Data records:
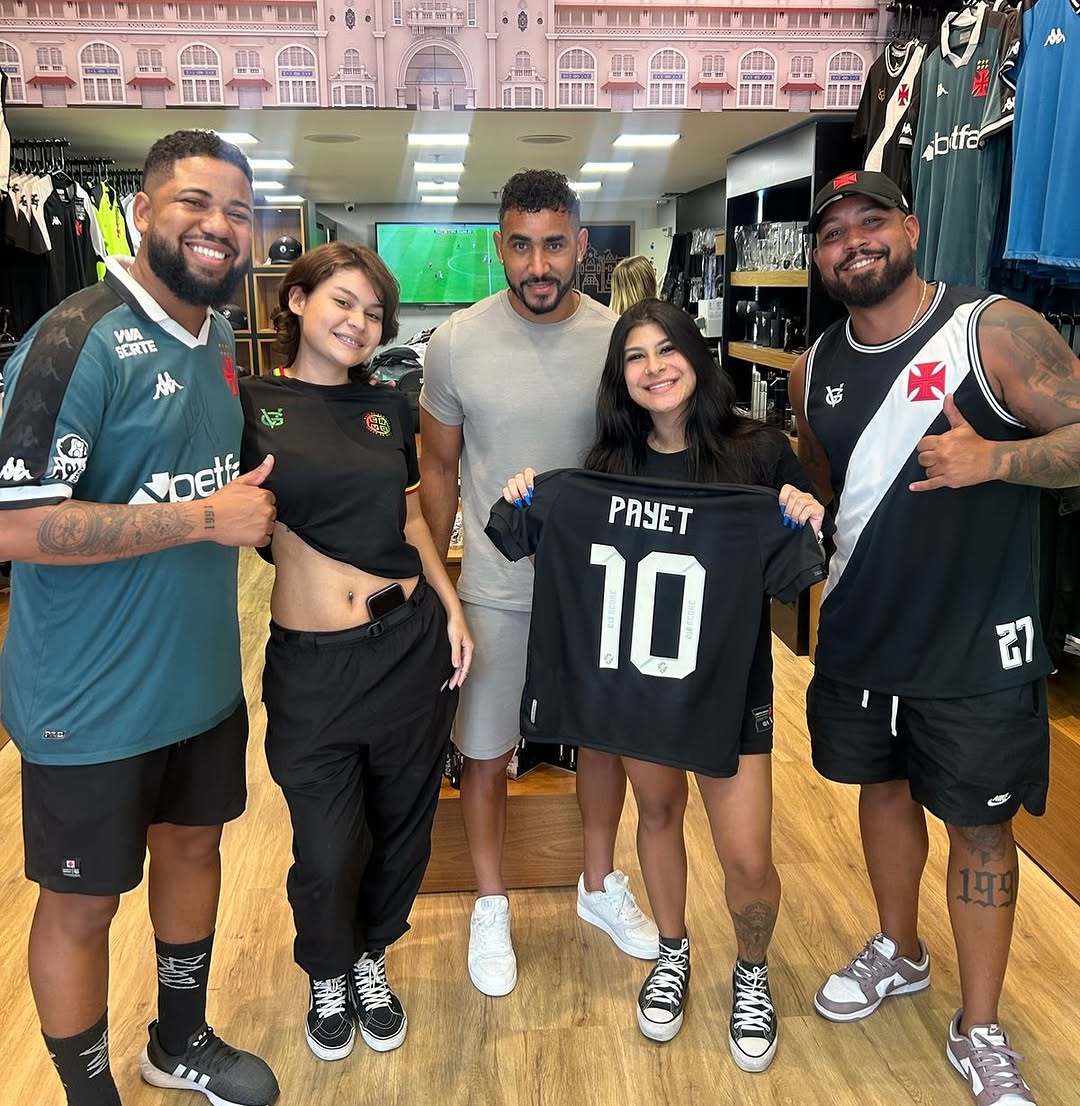 Payet vai a loja Gigante da Colina e tira foto com vascaínos
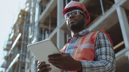 Construction worker checking tablet for project management
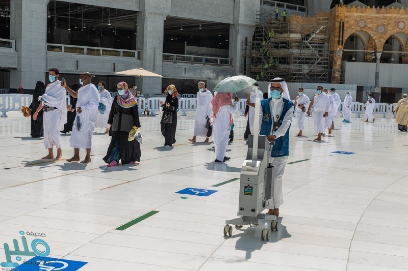 وقال عبدالمجيد عطية الفهمي من إدارة الوقاية البيئية ومكافحة الأوبئة بالمسجد الحرام أعمل على تعقيم المطاف بعدة معدات منها جهاز (البايوكير) الذي يعمل على تعقيم الأجواء والاسطح بالبخار الجاف حيث نقوم أنا وزملائي بإنزال من ٣ الى ٦ أجهزه في الجولة الواحدة، وأشعر بارتياح نفسي أثناء العمل لأنني اعتبره إنجاز عظيم كما أشعر بالفخر كوني أمثل الشباب السعودي الطموح القادر على القيام والعمل في حال حصل على الفرصة، علاوة عن شعوري بسعادة عظيمة كوني أعمل في المسجد الحرام وبغض النظر أن كان العمل في أي إدارة أو أي مهنة أخرى لطالما كان العمل في خدمة المسجد الحرام وضيوف الرحمن.
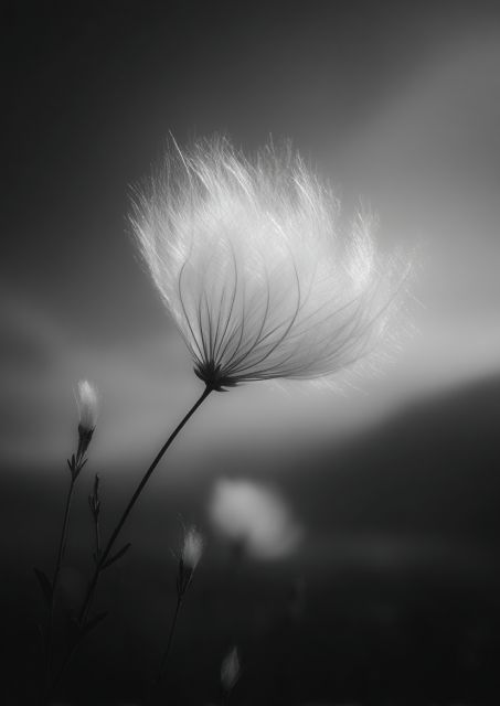 As if plucked from a realm where shadows and light dance in eternal harmony, the depicted flora in this artwork stirs a deep serenity within the viewer’s soul. The gentle silhouette of the delicate flower is masterfully captured against a soft, diffused background, where the outlines of distant vistas barely emerge through the mist. The exquisite detail of the gossamer-like strands, radiant in their simplicity, exudes a sense of peace and an almost tactile softness. This artwork is a poignant reminder of nature's transient beauty, poised in a timeless ballet of grace and fragility. The monochrome tones enhance the texture and form of the flower, inviting the onlooker into a meditative contemplation. Here, the essence of beauty is distilled, not through the riotous colors of a blooming meadow, but through the stark, compelling allure of contrast and minimalism. Each strand of the flower's plumage is highlighted, casting an ethereal glow that seems to illuminate from within. This print is not merely a visual delight; it offers an introspective journey to the quieter corners of one’s thoughts, prompted by the stark yet soothing presence of nature captured at a moment of sublime elegance.
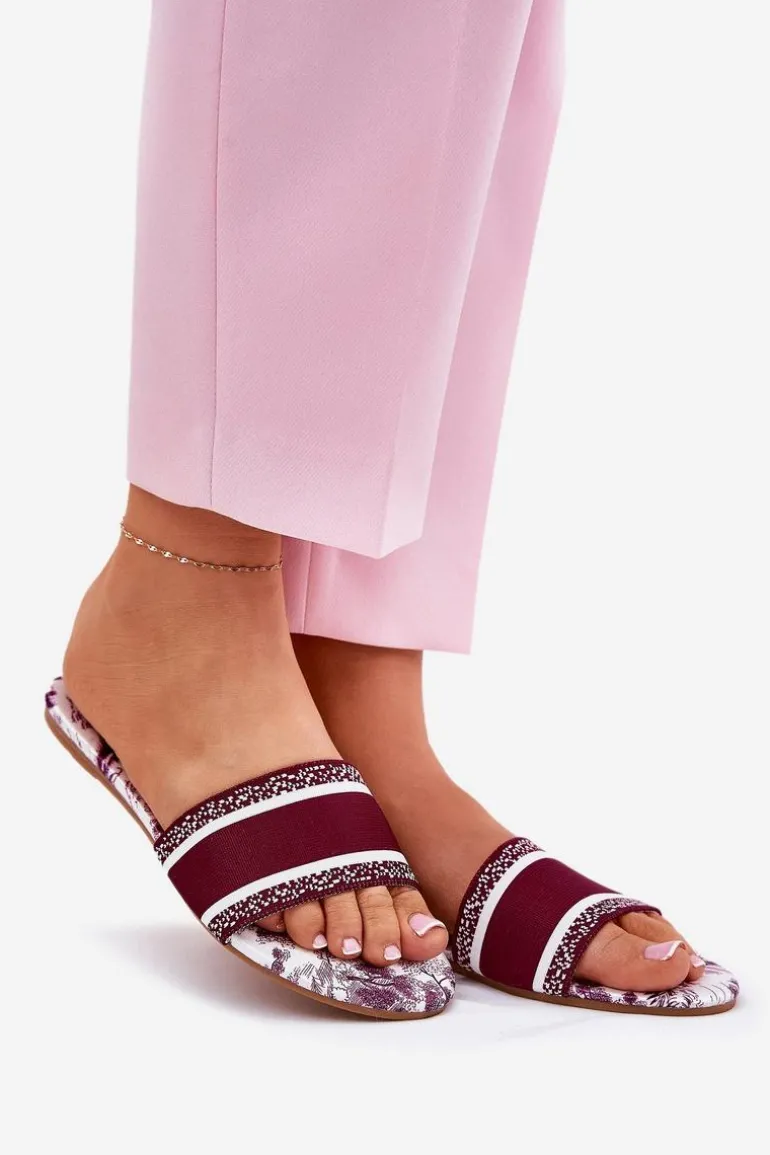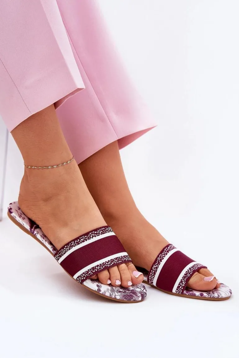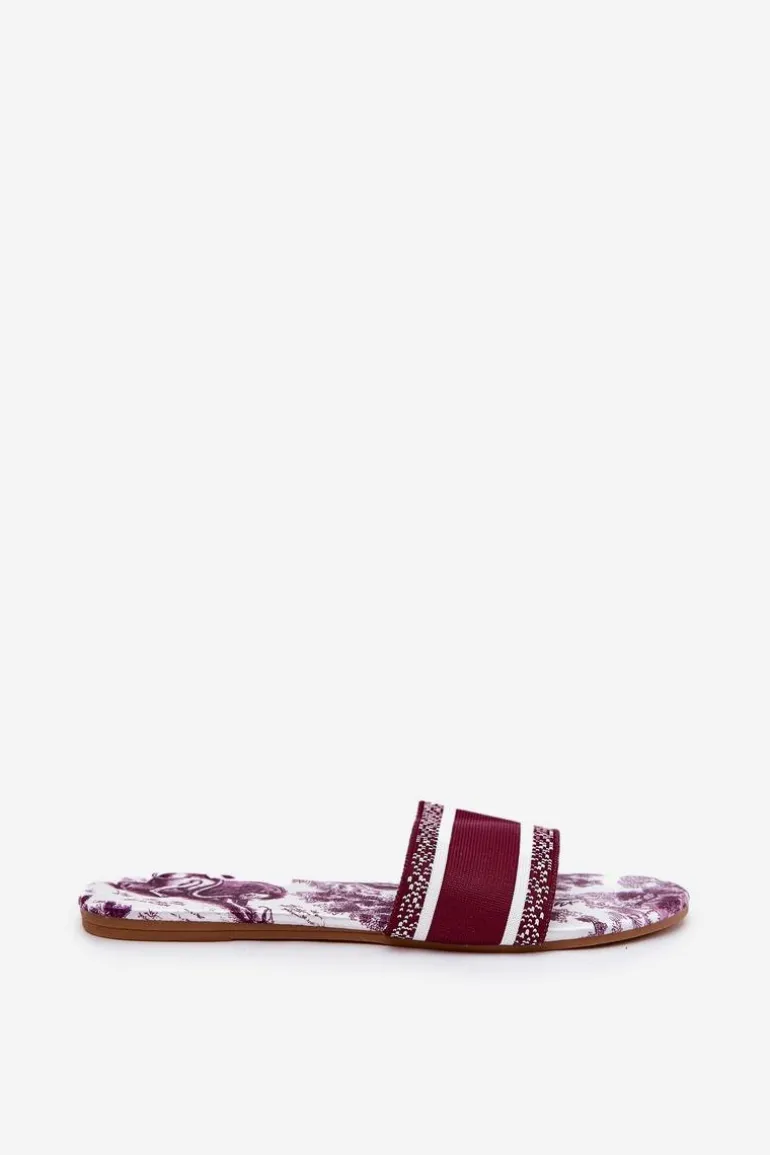 Wzorzyste Płaskie Klapki Damskie Bordowe Leysi
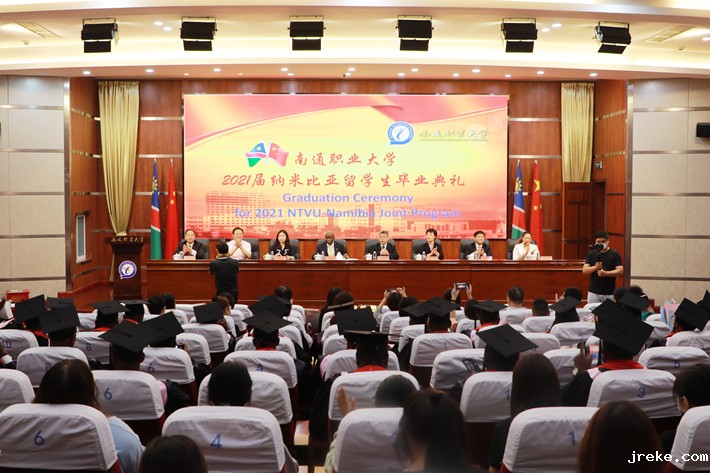6月18日下午,我校在图书馆学术报告厅隆重举行第二届纳米比亚留学生毕业典礼,庆祝纳米比亚“总统振兴计划”项目的39名留学生顺利毕业。纳米比亚驻华大使馆一等秘书尹东格先生、江苏省人民政府外事办公室欧非处处长金尚军、江苏省教育厅国际合作交流处一级主任科员李勤径,南通市人民政府外事办公室主任吴瑕、南通市教育局副局长姜学勤等领导及我校师生来到现场,一起见证这个荣耀时刻,分享开启新征程的喜悦。毕业典礼由副校长戴世明主持。
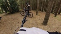 This biker did a successful run through a bike track where they also rode over inclines, performed jumps, and rode on tricky trails. They were able to get through all these with ease cand control.
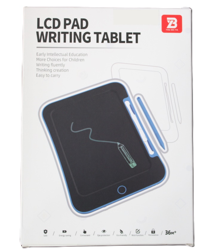 Tablet formájú LCD rajztábla, amely egyszerű és praktikus megoldást kínál a rajzoláshoz, jegyzeteléshez és kreatív játékhoz.A kijelző mérete kb. 22x16 cm, amely kényelmes rajzfelületet biztosít gyerekeknek és felnőtteknek egyaránt. A készülék 1 db 3V CR2016 gombelemmel működik, amely hosszú üzemidőt biztosít, és könnyen cserélhető. Egyetlen gombnyomással törölhető a teljes felület, így újra és újra használható papír nélkül, környezetbarát módon. Könnyű, vékony kialakításának köszönhetően egyszerűen hordozható, a tablet formátum pedig kényelmes fogást és modern megjelenést biztosít.
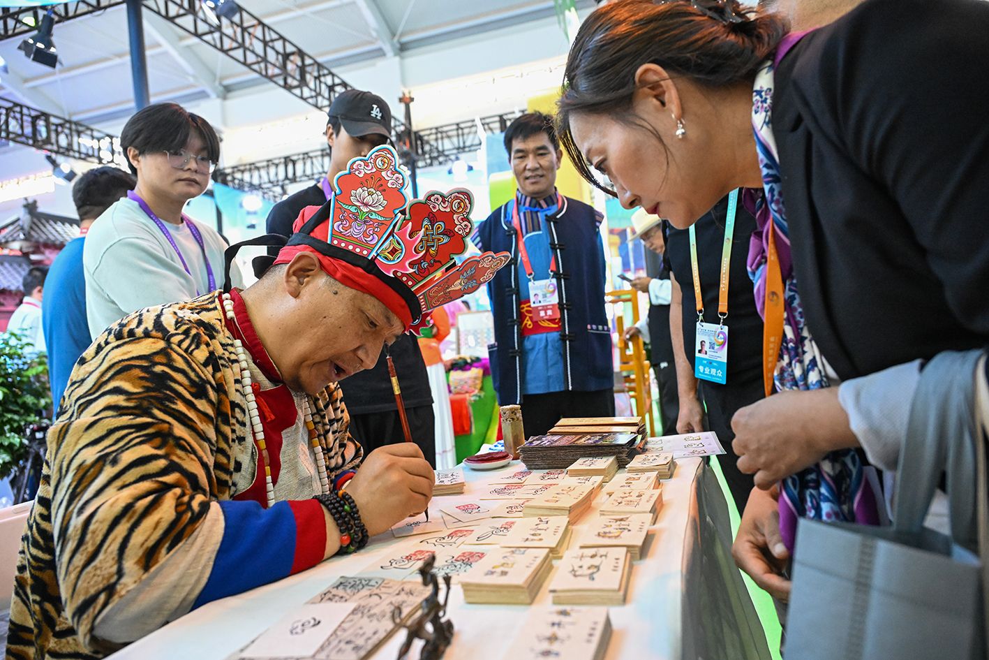 6月19日,云南丽江东巴文吸引观众。当日,第9届中国-南亚博览会暨第29届中国昆明进出口商品交易会在云南省昆明市开幕。(中新社)
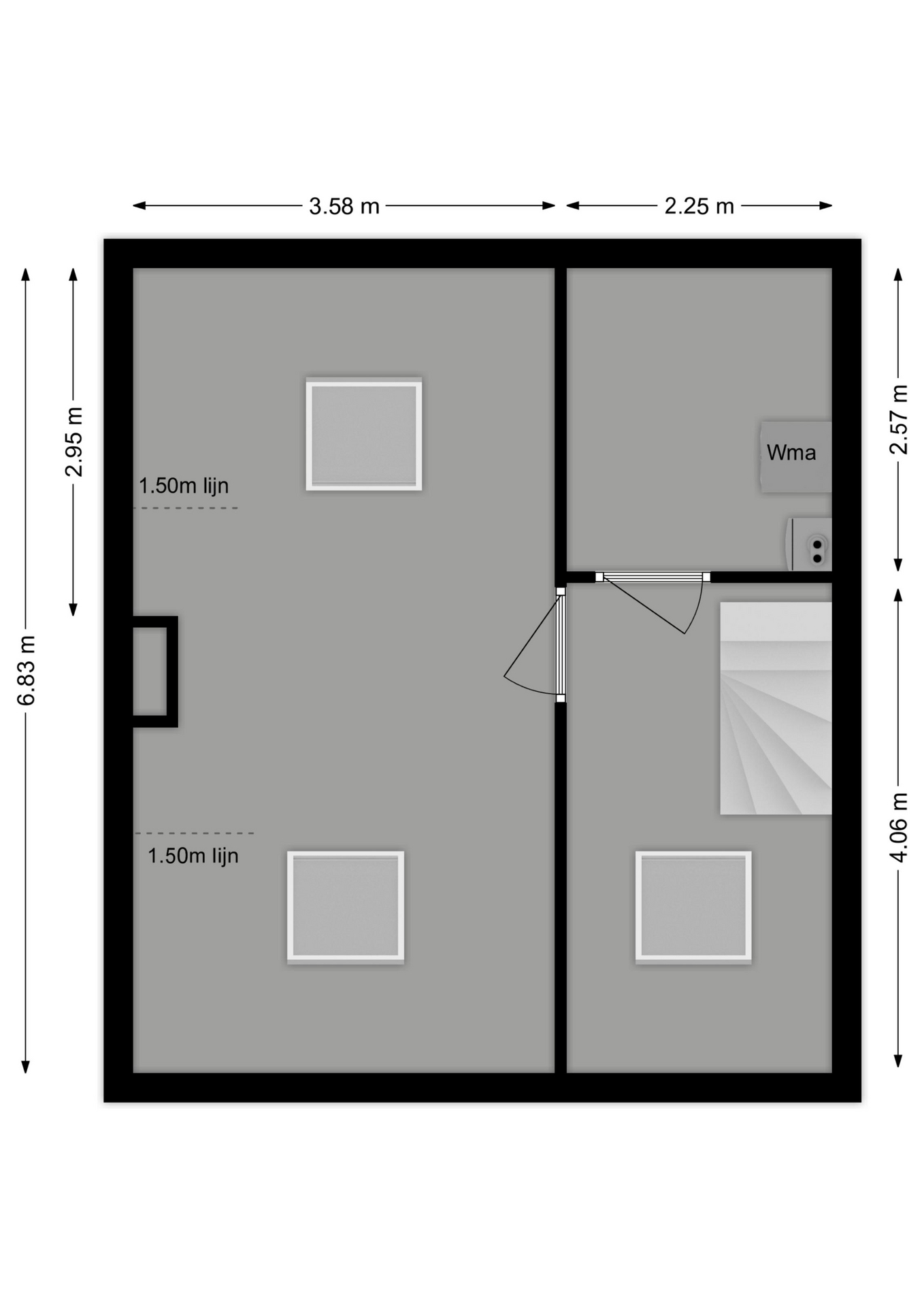De tweede verdieping verkeert nog in een basisstaat en kunt u geheel afwerken naar eigen wens. De schuine daken zijn wel geïsoleerd.

WORK TO BE COMPLETED — Should there be pictures in the data, leave them out and return the rest exactly.

THE COMPLETED TASK —
 Payet vai a loja Gigante da Colina e tira foto com vascaínos
 Construction worker checking tablet for project management
 وقال عبدالمجيد عطية الفهمي من إدارة الوقاية البيئية ومكافحة الأوبئة بالمسجد الحرام أعمل على تعقيم المطاف بعدة معدات منها جهاز (البايوكير) الذي يعمل على تعقيم الأجواء والاسطح بالبخار الجاف حيث نقوم أنا وزملائي بإنزال من ٣ الى ٦ أجهزه في الجولة الواحدة، وأشعر بارتياح نفسي أثناء العمل لأنني اعتبره إنجاز عظيم كما أشعر بالفخر كوني أمثل الشباب السعودي الطموح القادر على القيام والعمل في حال حصل على الفرصة، علاوة عن شعوري بسعادة عظيمة كوني أعمل في المسجد الحرام وبغض النظر أن كان العمل في أي إدارة أو أي مهنة أخرى لطالما كان العمل في خدمة المسجد الحرام وضيوف الرحمن.
 As if plucked from a realm where shadows and light dance in eternal harmony, the depicted flora in this artwork stirs a deep serenity within the viewer’s soul. The gentle silhouette of the delicate flower is masterfully captured against a soft, diffused background, where the outlines of distant vistas barely emerge through the mist. The exquisite detail of the gossamer-like strands, radiant in their simplicity, exudes a sense of peace and an almost tactile softness. This artwork is a poignant reminder of nature's transient beauty, poised in a timeless ballet of grace and fragility. The monochrome tones enhance the texture and form of the flower, inviting the onlooker into a meditative contemplation. Here, the essence of beauty is distilled, not through the riotous colors of a blooming meadow, but through the stark, compelling allure of contrast and minimalism. Each strand of the flower's plumage is highlighted, casting an ethereal glow that seems to illuminate from within. This print is not merely a visual delight; it offers an introspective journey to the quieter corners of one’s thoughts, prompted by the stark yet soothing presence of nature captured at a moment of sublime elegance.
 Wzorzyste Płaskie Klapki Damskie Bordowe Leysi
6月18日下午,我校在图书馆学术报告厅隆重举行第二届纳米比亚留学生毕业典礼,庆祝纳米比亚“总统振兴计划”项目的39名留学生顺利毕业。纳米比亚驻华大使馆一等秘书尹东格先生、江苏省人民政府外事办公室欧非处处长金尚军、江苏省教育厅国际合作交流处一级主任科员李勤径,南通市人民政府外事办公室主任吴瑕、南通市教育局副局长姜学勤等领导及我校师生来到现场,一起见证这个荣耀时刻,分享开启新征程的喜悦。毕业典礼由副校长戴世明主持。
 This biker did a successful run through a bike track where they also rode over inclines, performed jumps, and rode on tricky trails. They were able to get through all these with ease cand control.
 Tablet formájú LCD rajztábla, amely egyszerű és praktikus megoldást kínál a rajzoláshoz, jegyzeteléshez és kreatív játékhoz.A kijelző mérete kb. 22x16 cm, amely kényelmes rajzfelületet biztosít gyerekeknek és felnőtteknek egyaránt. A készülék 1 db 3V CR2016 gombelemmel működik, amely hosszú üzemidőt biztosít, és könnyen cserélhető. Egyetlen gombnyomással törölhető a teljes felület, így újra és újra használható papír nélkül, környezetbarát módon. Könnyű, vékony kialakításának köszönhetően egyszerűen hordozható, a tablet formátum pedig kényelmes fogást és modern megjelenést biztosít.
 6月19日,云南丽江东巴文吸引观众。当日,第9届中国-南亚博览会暨第29届中国昆明进出口商品交易会在云南省昆明市开幕。(中新社)
De tweede verdieping verkeert nog in een basisstaat en kunt u geheel afwerken naar eigen wens. De schuine daken zijn wel geïsoleerd.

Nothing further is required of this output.